По спутниковому телефону можно позвонить родственникам на далекую Амазонку.

 
 

«А нам говорили, что как гражданство получите, так и станете никому не нужны. Обманут вас. А мы не верили! А ведь и правда...» — смотрят обиженно, аки брошенные малые дети, наивные, доверчивые, прельщенные. Будто и не рассуждали пару минут назад про свою от меня выгоду и корысть.

Зачем это было нужно им сюда возвращаться?

«Черемухой пахнет. И березы... Снились мне они с юных лет», — вздыхает старая Татьяна Килина, жена духовного старосты общины Федора Килина, увезенная родителями из этих мест во младенческом возрасте.

— Конечно, сегодняшний день староверам от российского государства все-таки большая привилегия, — резюмируют наконец хозяева, чтобы я не искала в их возвращении только плохое. — Нас все-таки уже не сжигают заживо, как наших предков.

Кудахчут во дворе курицы. На стене русской избы в деревеньке Дерсу, правильной, в меру ветхой, некогда заброшенной, а теперь проданной староверам буквально за копейки, висит расписной ковер — ярким пятном на темных, нелакированных досках. Будто фломастером нарисован вышитый разнопестрый фазан, заграничный кузен скромных российских несушек.

— А я вам фрукты привезла. Такой от меня толк, — вспоминаю вдруг. — Детям. Вы не бойтесь, я их в нашей поганой воде не мыла и вообще не трогала, как купила в магазине — так сразу и в сумку положила. Витамины же...

Невиданные в этих сопках и прежде такие привычные апельсины и ананасы староверов радуют.

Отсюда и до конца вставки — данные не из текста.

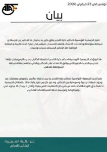 استنكرت الجمعية التونسية لحكام كرة القدم، اليوم الإثنين 23 فيفري 2026، "ما يتعرّض له الحكام من حملات تشويه واعتداءات". وأكدت الجمعية في بيان عن تضامنها الكامل مع الحكم المساعد رسلان بومنيجل. وفي مايلي نصّ البيان:
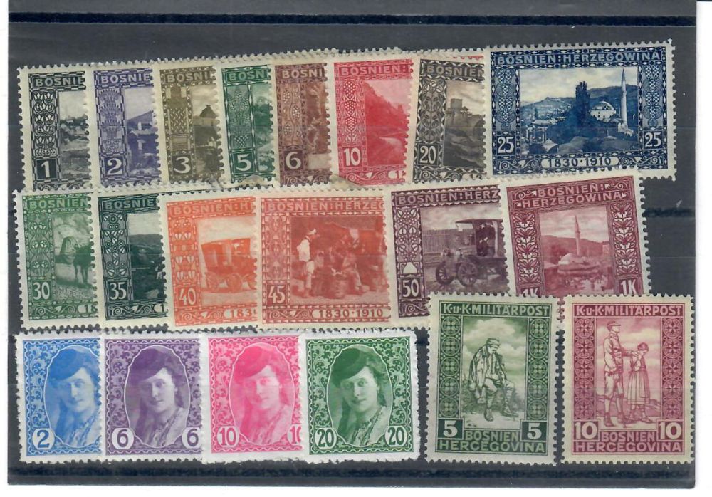 Bosnien-Hercegovina ockuperades av Österrike-Ungern 1878-1918. I Michel finns dessa märken under Österrike.Dessa märken finns med: Mi 29-42, 85-87 och 97-98. Samtliga märken med gummering men rest av fastsättare. Pris i Michel för ** märken är ca 40 euro.
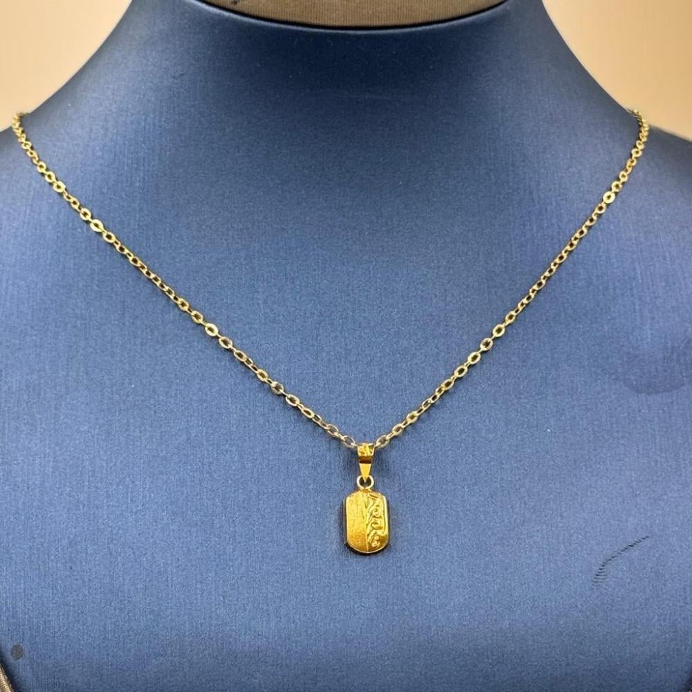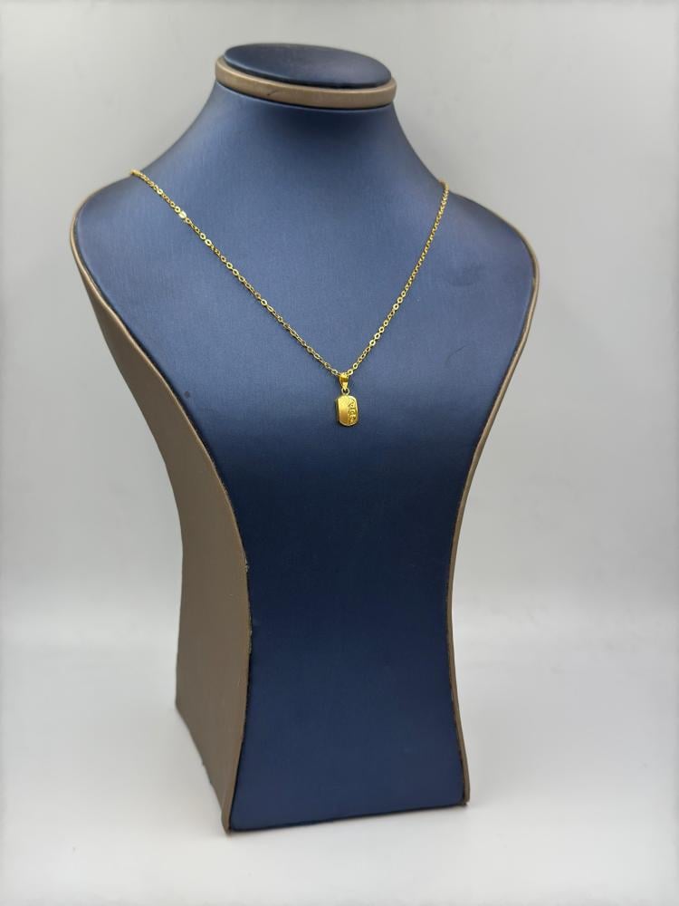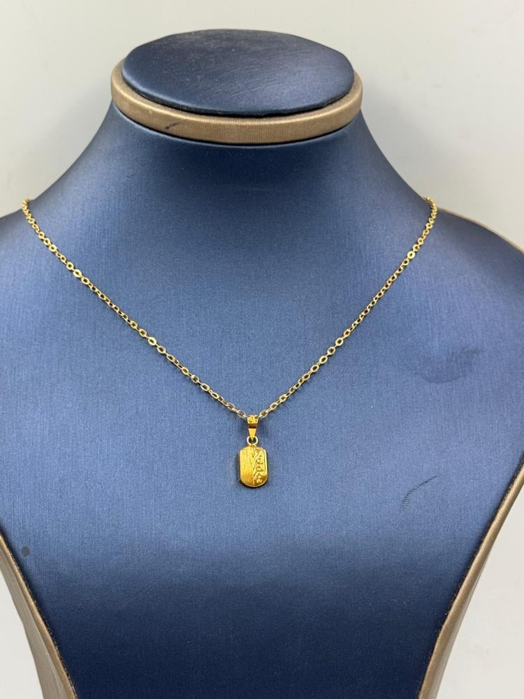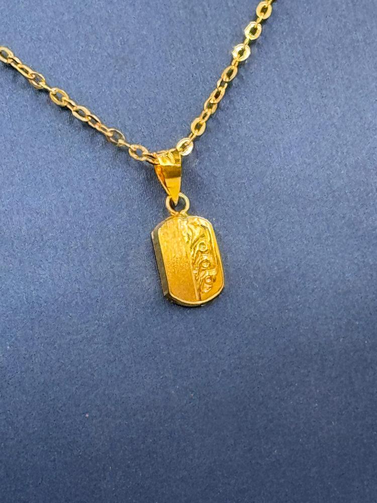 سلسال ذهب عيار 18 مع تعليقة طوليّة بتصميم فني رائع، مثالي لمن يبحث عن قطعة مجوهرات تجمع بين الأناقة والقوة. يتميز السلسال بكونه خفيف الوزن وسهل الارتداء، بينما تمنح التعليقة المنقوشة لمسة من التفرد والجمال. سواء كانت للاستخدام اليومي أو للمناسبات الخاصة، هذا المنتج يضيف لمسة من الفخامة إلى إطلالتك.

В отличие от обещаний президента фрукты реально можно съесть — промыв предварительно от микробов и бесов в проточной речной воде.

Мальчуган в расписной косовороточке, лет шести, не более, задумчиво ковыряется в носу, смотрит на банан — вспоминает, видимо, далекую родину Бразилию, что будет ему сниться до старости в цветных снах, но, заметив мой интерес, убегает купаться с остальными ребятами на реку Уссурийку.

 
   
 

Стиральные машины — допустимый грех.

 
 

Конец света

Ульян долго думает, как же можно еще меня использовать. Чешет рыжую бороду. Размышляет. Выгонять нехорошо. Не по-божески. «Дать интервью? А на тему?» Сначала даже фотографировать запрещает: «Ты это в газете напечатаешь. Газету в туалет отнесут и попу моим образом и подобием Божием подотрут. Поди хорошо?»

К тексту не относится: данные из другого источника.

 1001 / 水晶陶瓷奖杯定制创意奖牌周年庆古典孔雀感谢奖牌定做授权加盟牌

— Вообще-то в России уже давно и туалетная бумага для этих целей имеется, — возмущаюсь я. — А еще статья будет в Интернете.

— Ага, в Интернете, — всколыхнулся Ульян. — Опутала дьявольская сеть весь мир — включат наши родственники в Боливии компьютер, а там мы, на жизнь свою жалуемся. На смех они нас поднимут...

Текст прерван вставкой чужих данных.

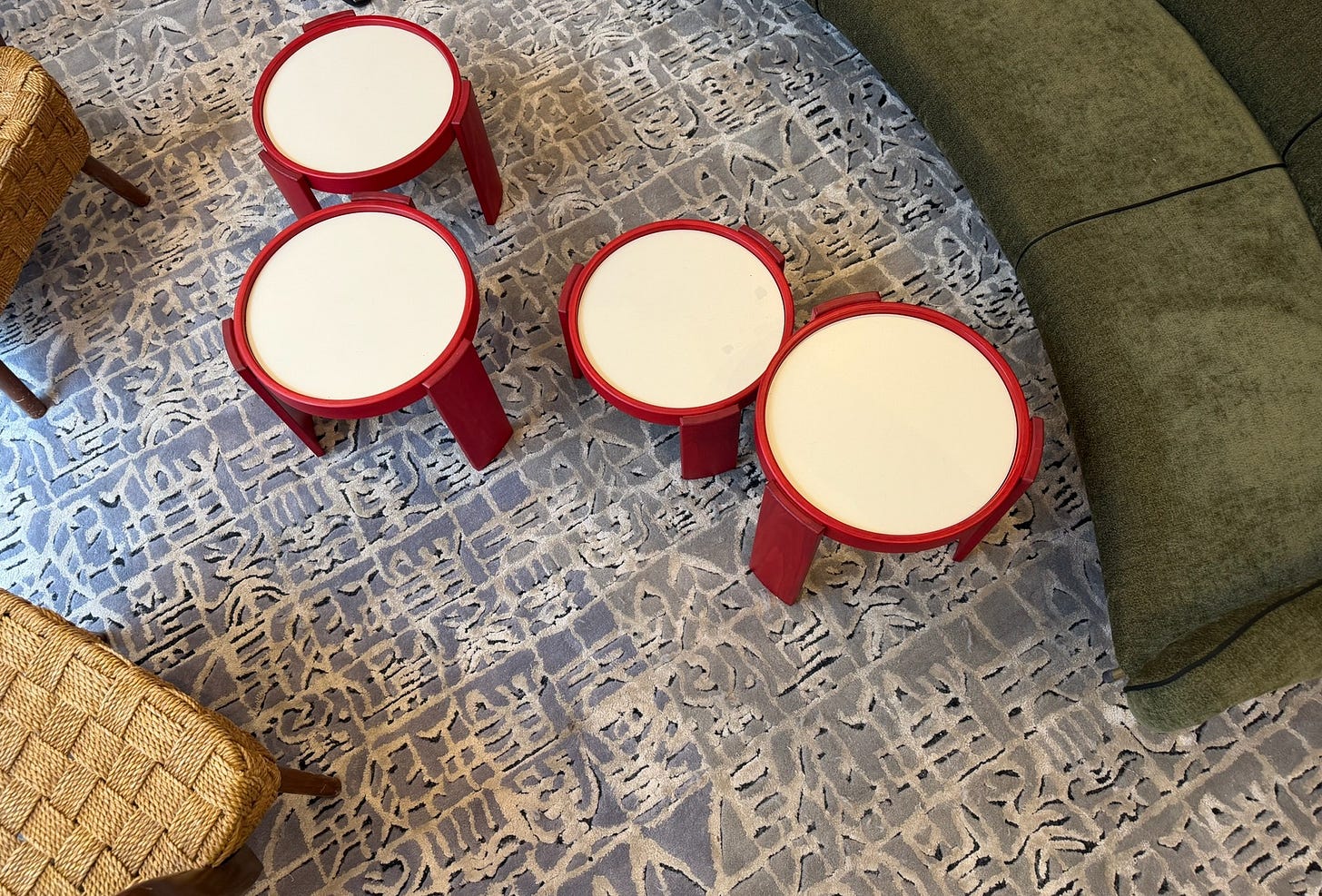 We aim to become a travel address, but also a local hang-out, with the living room area (and my mumās Gianfranco Frattini for Cassina stackable coffee tables) being center stage.
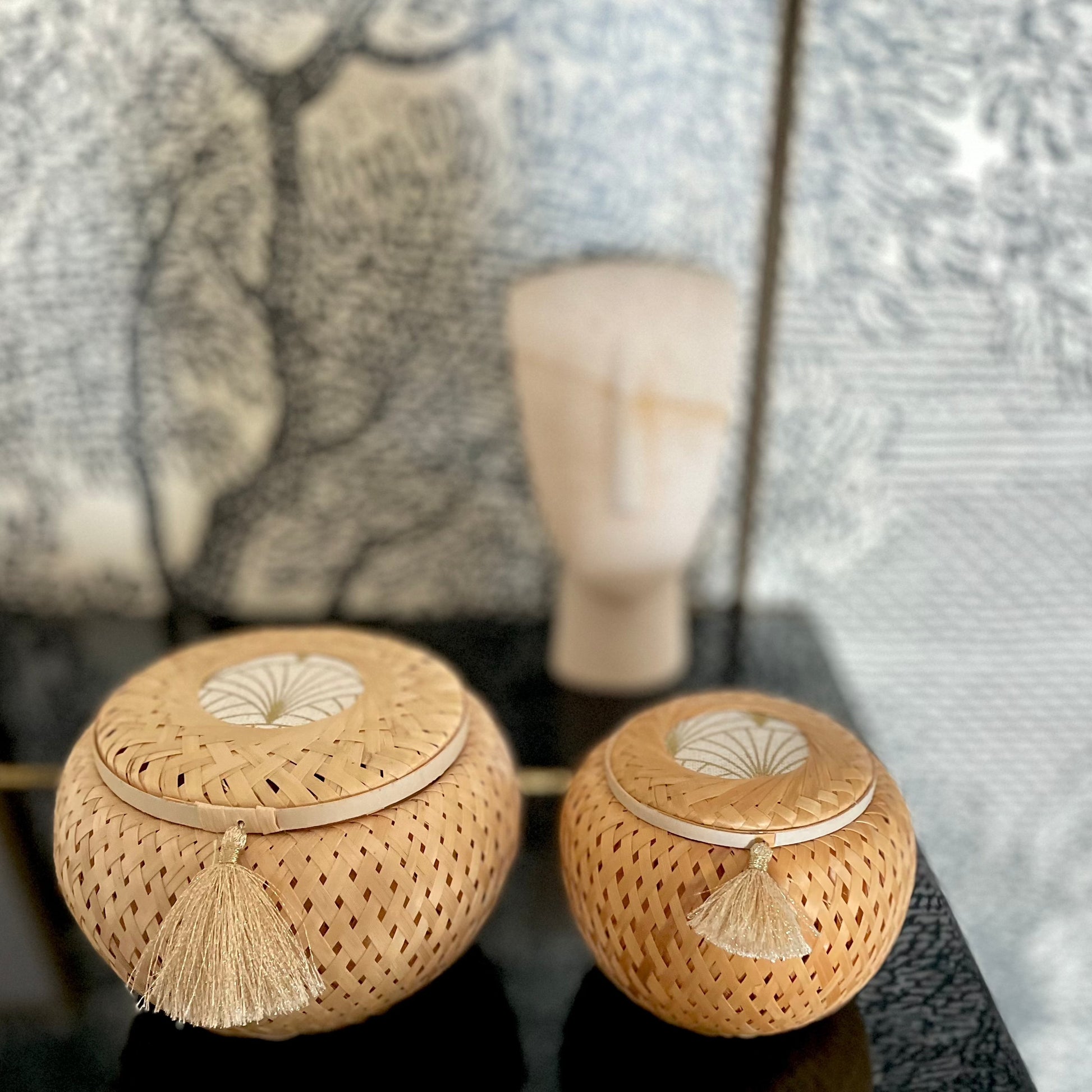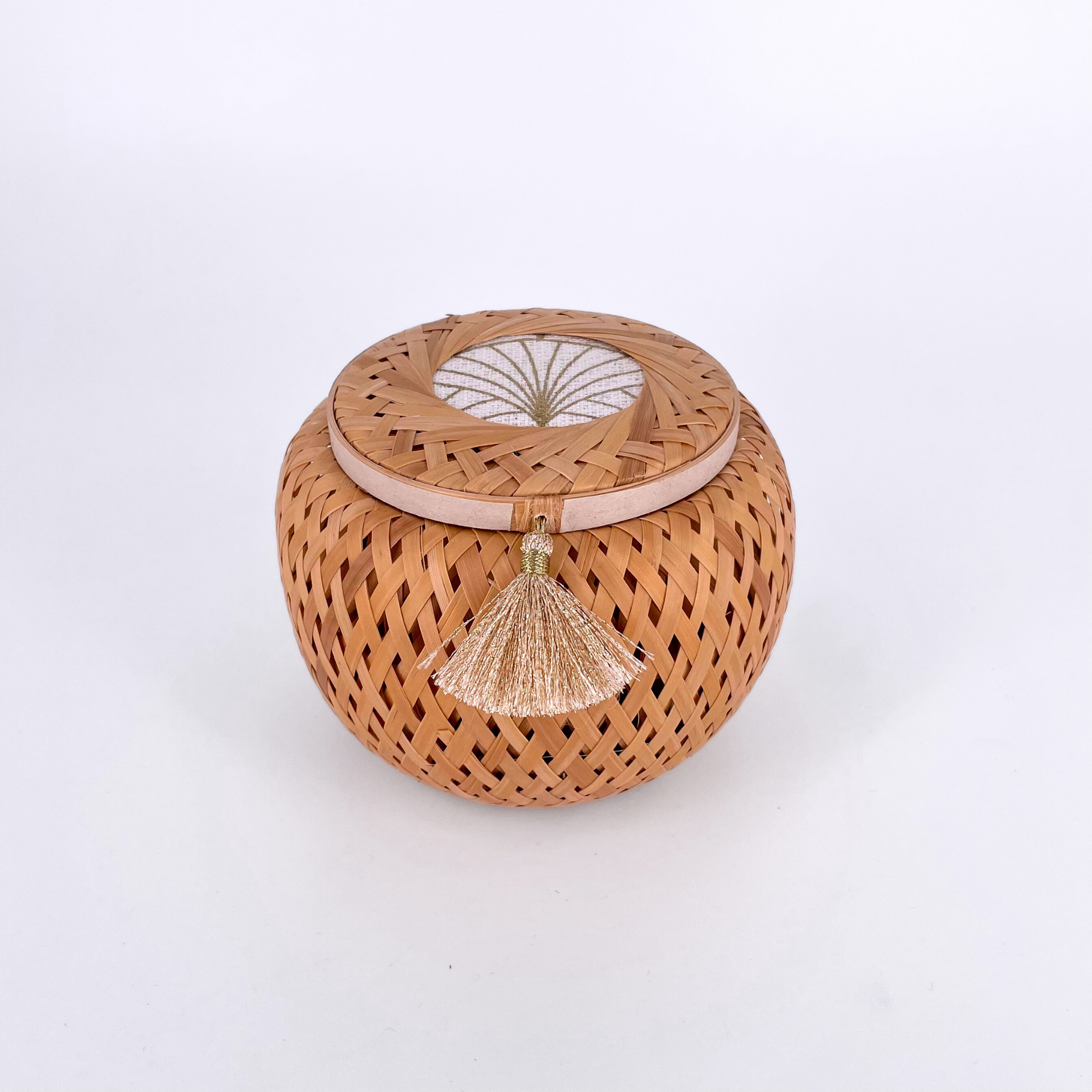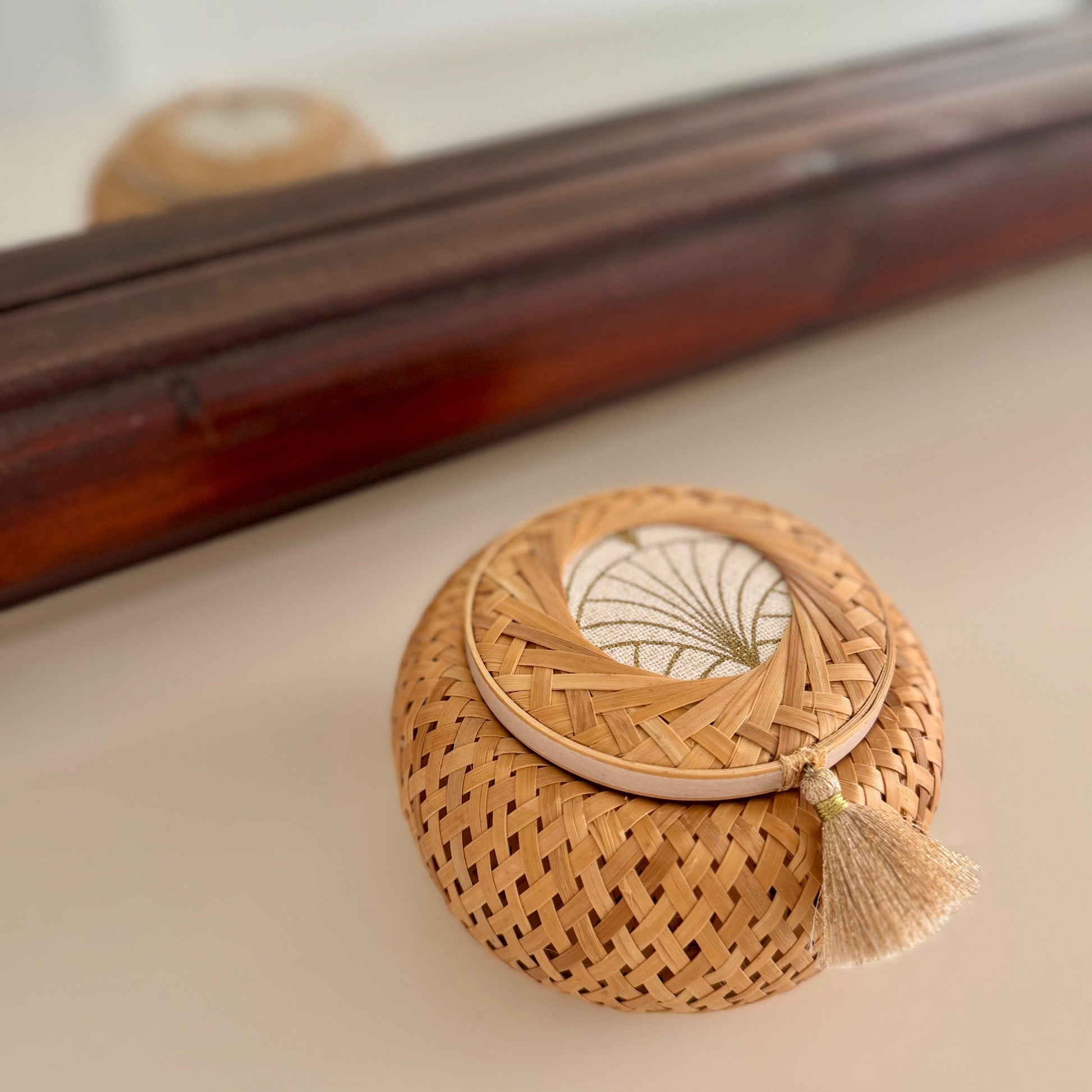Blending heritage craftsmanship with modern understated elegance, this round-shaped basket features intricate weaving, coordinated fabric accents, washi tape, and a matching tassel. It brings a sense of calm and beauty to any space. Its versatile form is perfect for storing everyday essentials, from hair ties and cotton pads to tea bags or coffee capsules.

Тысячи глаз на нас оттуда смотрят, как мы обустроимся, сможем ли стать своими на новом месте.

— А разве ваши родственники-староверы пользуются Интернетом? — удивляюсь я. — Разве это не грех?

— Грех, — соглашается Ульян. — Еще какой грех. Бес, он не дремлет. Последние времена настали... Такая прелесть сильная, едва ли сам апостол Петр не прельстился бы! И мы не оправдываемся. Виноваты, пользуемся, грешны.

На околице Дерсу — спутниковый телефон. С тарелкой и на кнопочках, поставлен по нацпроекту Медведева. С него по карточке можно звонить хоть в Южную Америку, хоть во Владивосток, хоть в районный центр Дальний Кут, что всего в тридцати километрах отсюда, — там администрация, библиотека, магазин, люди. В Америку звонят чаще. Но только когда телефон работает. А работает он пять часов в день. Три часа утром и два — вечером, как стемнеет. В другое время электричество не тянет.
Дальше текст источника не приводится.